In 1978, at age 21, Fotheringham signed to play for the Yarraville Football Club, then playing in the VFA's second division. He was an immediate success at the club, and in his first season became the first Yarraville forward to kick 100 goals in a season, and was the Division 2 leading goalkicker, with 105 goals. The following year, he kicked 129 goals to be the leading goalkicker in the home-and-away season, but finished second overall after the finals. He played two more years with Yarraville, finishing with a total of 357 goals for the club, and was club captain in 1981.

In 1982, Fotheringham left the ailing Yarraville club and sought a move to a Division 1 club; after attracting interest from all three western suburban Division 1 clubs (Coburg, Werribee and Williamstown), he joined Williamstown. He was the Division 1 leading goalkicker in back-to-back seasons in 1983 and 1984, kicking 108 goals and 114 goals respectively, and was two goals short of the title in 1985 with 106 goals. Fotheringham had kicked 98 goals in 1982. He kicked 14 goals in a match against Port Melbourne in 1986, and booted 13 goals on three occasions, against Werribee in 1983, Camberwell in 1983 and Prahran in 1984.

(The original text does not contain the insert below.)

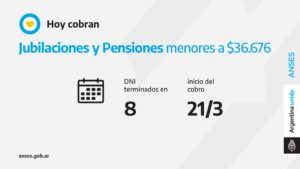 Las sucursales bancarias habilitadas atenderán por ventanilla a jubilados, jubiladas, pensionados y pensionadas con documentos terminados en 8 cuyos haberes NO SUPEREN la suma de 36.676 pesos.
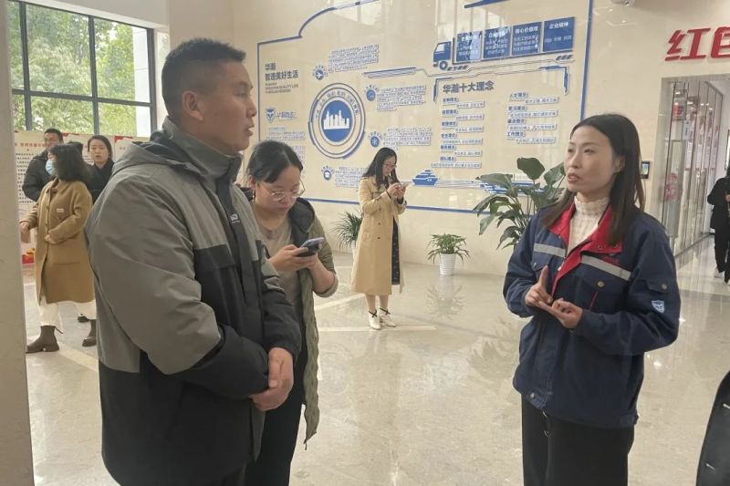 華瀚有關負責同志向來訪人員分享了黨建引領企業管理專業水平、服務質量提升的主要做法,介紹了黨支部司機之家、宣傳區、時光展覽館、組織生活館、紅色會客廳、紅色方向盤和華瀚商學院等7個功能區,特別是對華瀚黨支部“”黨建體系和“”黨建載體做了詳細講解,讓來訪人員多角度了解了華瀚的黨建和企業文化。

He served as club captain in 1983, after the sacking of captain-coach, Rod Oborne, and was vice-captain for the rest of his time at the VFA Seagulls. He won his only career VFA premiership with Williamstown in 1986 and played in the losing 1985 grand final. Fotheringham won the Club best and fairest trophy in 1982 and was awarded the most consistent player trophy also. He retired at age thirty after suffering a serious knee injury late in the 1987 season.

As of 2019, Fotheringham's career total of 928 goals places him fourth on the VFA/VFL's all-time goalkicking list. He averaged 5.3 goals per game throughout his career, and scored more than 100 goals in a season five times. He was named at full forward in the Williamstown Team of the Century and the 1980's Team of the Decade and was an inaugural inductee into the club's Hall of Fame in 2014.

After leaving Williamstown, Fotheringham served as coach of the Keilor Football Club in the EDFL. From 1992 until 1993, Fotheringham served as general manager of the Williamstown Football Club and also coached the Seconds team and was Seniors assistant coach in 1993.